“No man is an island, Entire of itself ...
Each man’s death diminishes me, For I am involved in mankind.
Therefore, send not to know, For whom the bell tolls, It tolls for thee.”
— John Donne, Meditations XVII
I must not have been more than seven-years-old. It was a school holiday and we were going to the beach with a group of my parents’ friends and their children. As I hovered excitedly around my mother in the kitchen while she packed lunch, I noticed her unsmiling face. Afraid that I was somehow the cause of her displeasure, I hesitantly asked what was wrong. Her response then still echoes in my mind: “We should not be going out today,” she said, “It is Ashura … it is not a time for celebration, but for contemplation.”
I must have looked at her in surprise because we were not Shias, and must have been relieved when we did go to the picnic after all. But her comment had awakened my curiosity. I remember asking a million questions as we passed a Shia procession or spotted a beautifully decorated horse on our way to the beach. I also remember my parents answering each of my questions clearly and without judgment.

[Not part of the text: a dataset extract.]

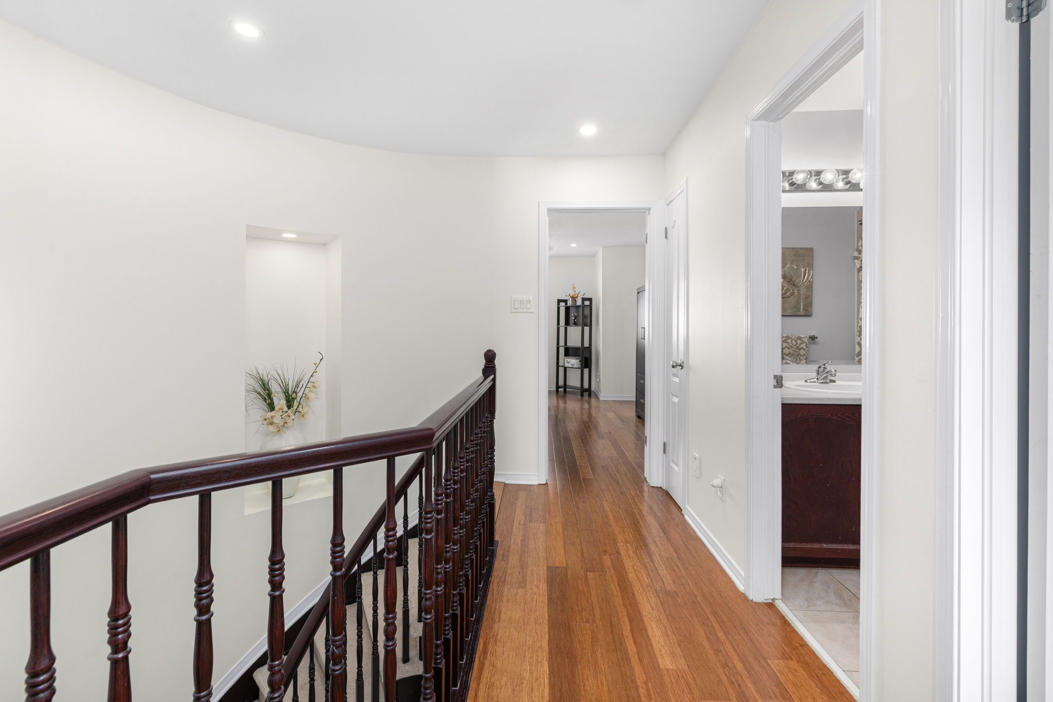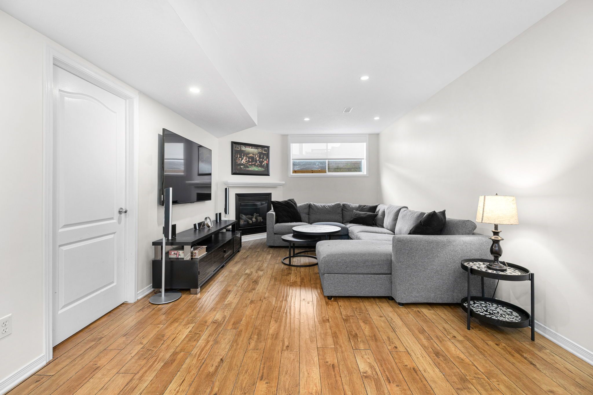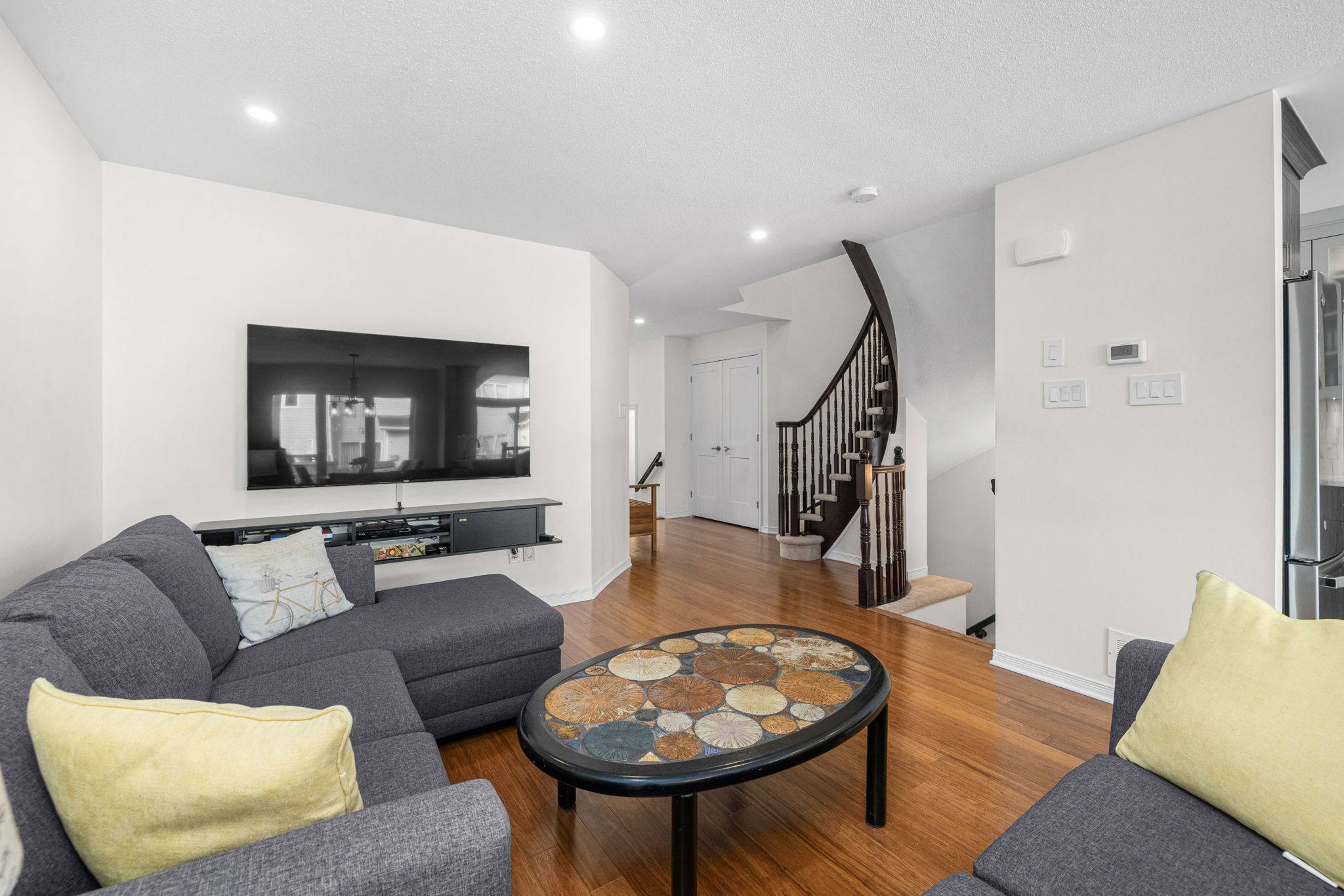 Extensively updated ever popular minto manhattan freehold townhome boasting just over 130k in recent updates. Upon entering this immaculately cared for 3 bedroom/2. 5 bathroom home located on a quiet family street you will be greeted by an inviting spacious entrance with a newly renovated powder room. One of the highlights of this beautiful home is the completely remodeled kitchen which features ample cabinetry with custom pull out cabinets, quartz counters, undermount lighting, ss appliances and modern ceramic tiles. Adjacent to the kitchen is the dining and living room which is complemented by bamboo flooring and loads of pot lights. The circular staircase leads you to the second level which also features bamboo flooring in all 3 bedrooms and the hallway. The spacious master has a large wic and a newly updated ensuite bathroom with free standing tub, modern vanity with quartz and separate shower. There are two other generous bedrooms including the second bedroom with custom built-in shelving, perfect for the book enthusiast. The beautifully finished lower level features high grade laminate flooring,a cozy gas fireplace and pot lights. The backyard has a convenient 2 tier deck which is perfect for summer bbqs. This immaculate home has undergone several recent updates such as: freshly painted throughout, roof '20/22, furnace & a/c '23, kitchen '23, ensuite bathroom '20, pot lights '22/23, custom bookshelf '21, powder room '23, deck '16. Only carpet on staircases. Ideally situated closer to great schools, parks, transit, shopping..

Perhaps, even they did not know it, but in doing so, they were imparting to me, some of my earliest lessons in tolerance, coexistence and respect for another.
Throughout my teenage years, Ashura was synonymous with my mother’s admonitions: “Don’t wear red”, “Don’t play loud music” and “Don’t disturb me during the telecast of Salam-e-Aakhir”. I had found these strictures old-fashioned and promptly ejected them from my life when I moved away. For my mother, however, Ashura remained a time for community-building (she would cook something special to send to the neighbours) and, more importantly, for trying to understand the events that had threatened to wrench the Muslim world asunder so soon after the death of the Holy Prophet (pbuh).

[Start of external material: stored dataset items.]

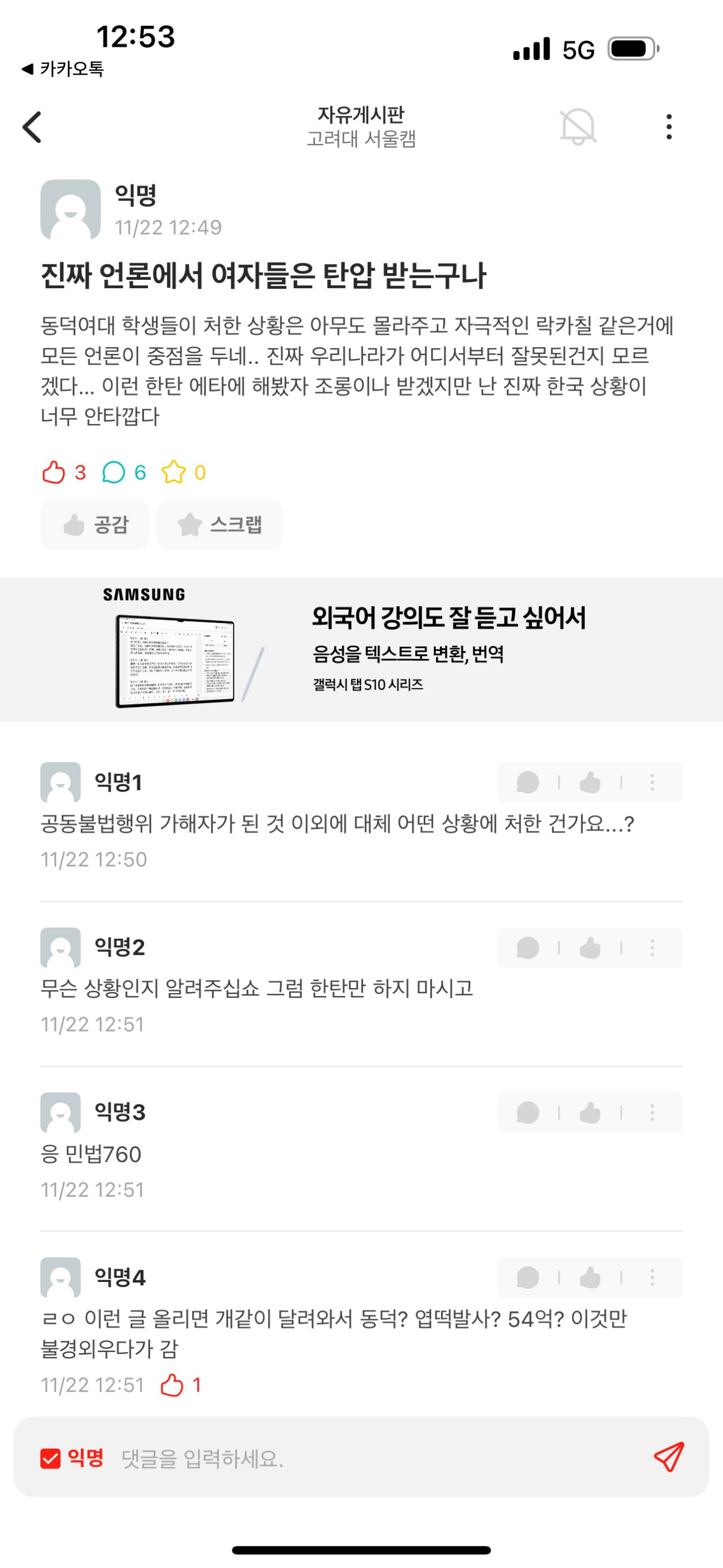 스산한 비바람이 들이치고 혹한이 드서리는 군대에서 20대 청춘을 바치고 살아가는 대한의 청년들은 반성하고 언론계의 여성탄압을 멈추기 위해서 연대(고대)해야되나?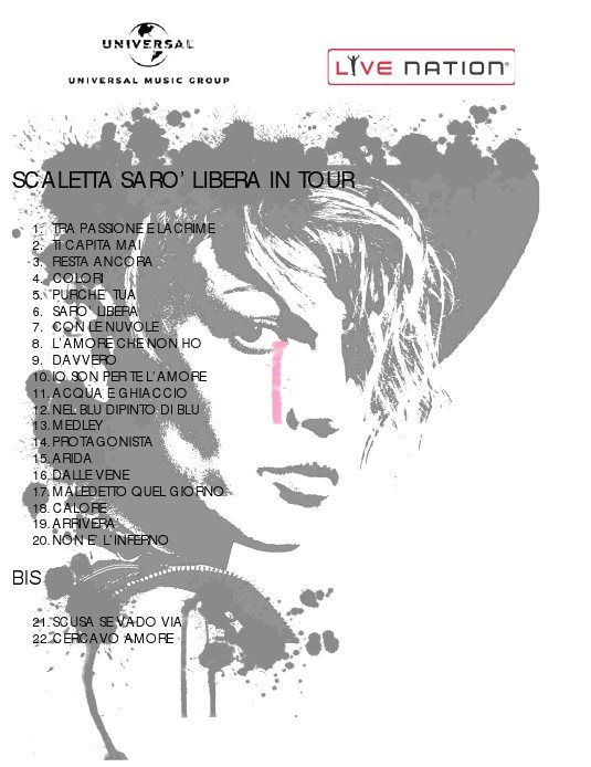 Sul palco la graffiante voce sarà accompagnata dalla sua affiatata band formata da Daniele Formica alla batteria, Simone De Filippis e Flavio Pasquetto alle chitarre, Pietro Casadei al basso, Luca Cirillo alle tastiere e Arianna Mereu, sua ex ‘compagna di classe’ ad Amici 9, ai cori. Densa la scaletta, composta da 22 brani, che prenderà il via con “Tra passione e lacrime”, proseguirà con “Ti capita mai”, “Resta ancora”, “Colori”, “Purché tua” e si scioglierà, di certo, in un unico canto col pubblico con “Sarò libera” e “Con le nuvole”. Nel mezzo l’omaggio a Domenico Modugno con “Nel blu dipinto di blu”, cui seguirà un inatteso medley per accompagnare i fan verso la seconda parte dello show chiuso da una ‘tripletta’ da urlo con “Calore”, “Arriverà”, “Non è l’Inferno”, riarrangiati per l’occasione. Quindi doppio bis con “Scusa se vado via”, perfettamente posizionato per accomiatarsi dal pubblico, e con “Cercavo amore”, tra i brani più ascoltati e trasmessi di questa estate.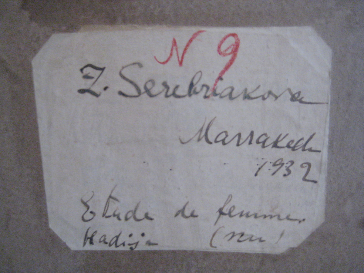 Смыт слой (возможно, с предыдущей подписью), сверху нанесена другая подпись "Z.Serebriakova". С затеком жидкой краски в кракелюр. Сверху вся поверхность картины покрыта восковым лаком. В УФ ничего не светится. Продавец утверждает, что реставрация проводилась в 1955 году. Видел под микроскопом только маленький натюрморт. Большой не видел.
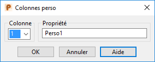 - Cliquez sur OK pour créer le titre de colonne et fermer la boite de dialogue. Le nouveau titre de la colonne est affiché dans la liste des colonnes perso qui peut être sélectionné pour la boite de dialogue.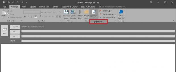 Trong cửa sổ soạn tin nhắn mới, chọn Signature > Signature... để tạo chữ ký mới.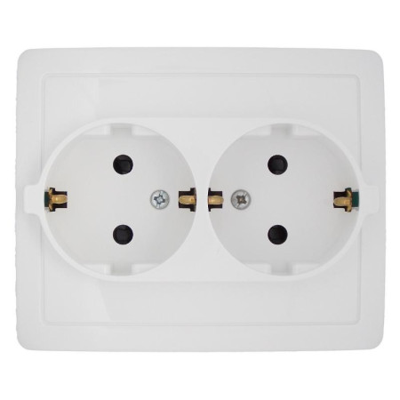 Simon 15 Белый Розетка двойная с/з Schuko с защитными шторками, винт. зажим, 16А 250В
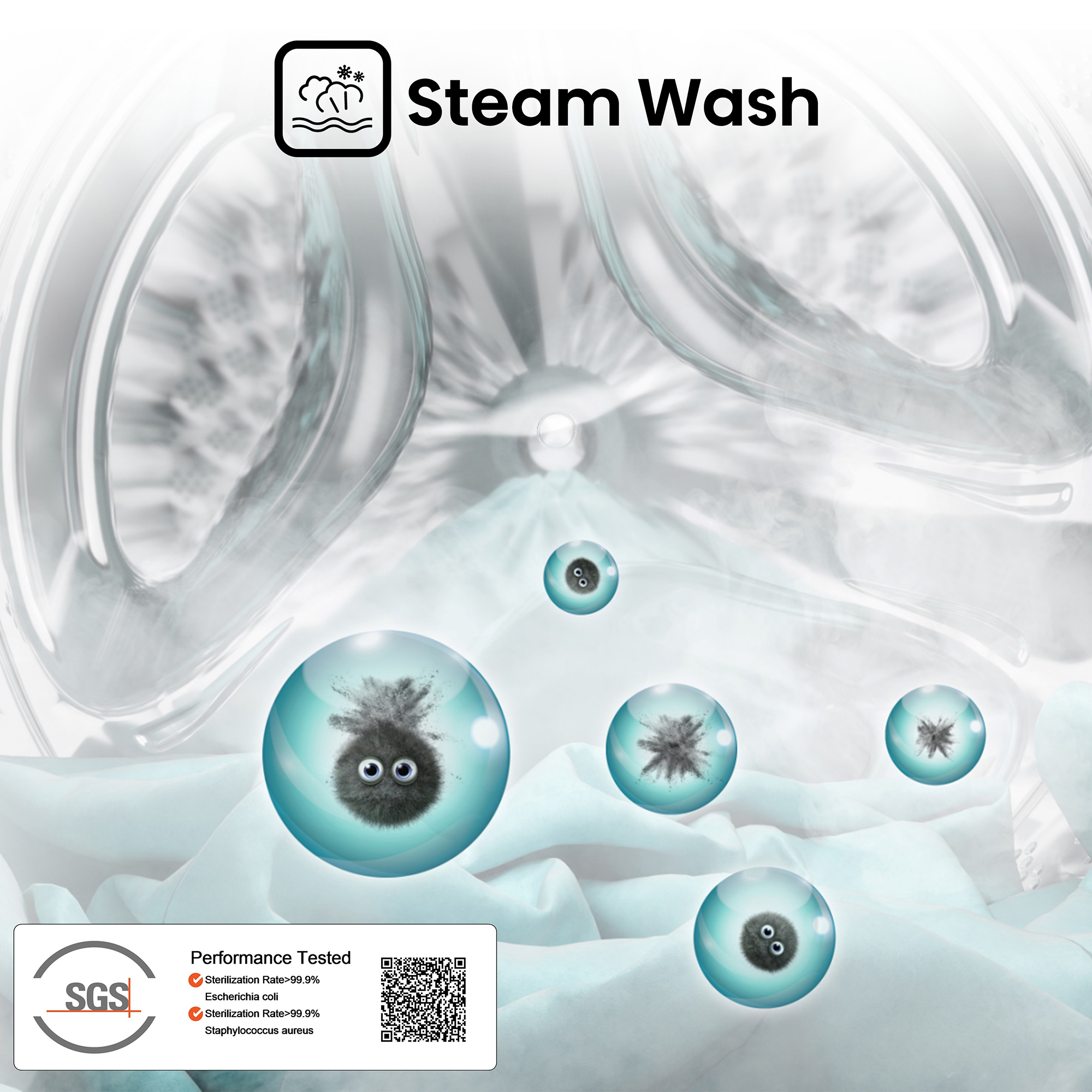 - 【Steam Wash Technology】 Removes 99.9% of bacteria giving you a deep clean free of harmful germs The high-temperature steam is released from the bottom of the drum and the steam fully penetrates the clothes, which can eliminate 99.9%* of Escherichia coli and Staphylococcus aureus attached to the clothes

The significance of my mother’s attitude towards Shias only started to sink in over the last few years, as the world around me grew increasingly intolerant and only became starker as I watched with gaping horror, the footage of the Quetta and Abbas Town massacres. I realised then more fully, that in respecting Ashura, my mother was reaffirming the significance of Karbala for all Muslims irrespective of whether they were Shia or Sunni, and in doing so, she was not only making her unique and individual contribution to peace, but also training another generation — her children — to continue making this contribution.
My mother, of course, has no inkling of the public implications of her private beliefs. Her empathy for the protagonists of Karbala — whether it was Hazrat Imam Hussain (RA), Hazrat Bibi Zainab (RA) or the infant Hazrat Ali Asghar (RA) — stemmed from an appreciation of humanity rather than a reaction to the politics that flowed after the event. She felt, at a visceral level, that like her the martyrs of Karbala were ordinary people, bound to each other by ties of filial love. But she also realised that unlike her, they were special due to their close bond with her beloved Holy Prophet (pbuh), their uncompromising courage in the face of adversity and their resolve to die for their faith.

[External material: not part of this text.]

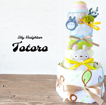 【平日16時まで即日発送】送料無料!名入無料!おむつケーキ ラトル付 ストローマグ 身長計バスタオル スタジオジブリ となりのトトロ ベビーシャワー | 出産祝い 赤ちゃん 出産 ギフトお祝い 男の子 女の子 オムツケーキ ダイパーケーキ 贈り物 かわいい ナチュラル 誕生日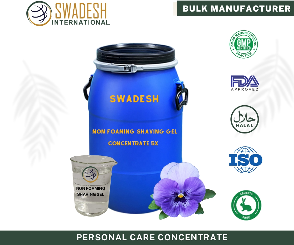 Non-Foaming Shower Gel Concentrate 5X, manufactured by SWADX AMERICAN LLC, is highly Effective and concentrated solution. Dilution Ratio of NFSGCX is 5kg Non-Foaming Shaving Gelfrom 1Kg Concentrate after Adding Water& Thickener.

As I think about the perpetrators of Quetta and Abbas Town massacres, I wonder at the circumstances in which they may have been raised.
I wonder at the extent of the deprivation they may have suffered and the severity of the indoctrination they may have received, that has succeeded in blotting out all human feeling from their souls.
And even as I realise that their actions stem from the deep fragmentation, indifference and self-absorption that has come to characterise our society, I also realise that this is not the time for extending sympathy to them, but for standing firm in the call for strong punitive action. Failure to do so on our part will only take us one step closer to the time when they come for us.
Published in The Express Tribune, March 14th, 2013.
Correction: An earlier version of this article mistakenly mentioned Hazrat Zainul Abedin (RA) in place of Hazrat Ali Asghar (RA). The error is regretted and has been rectified.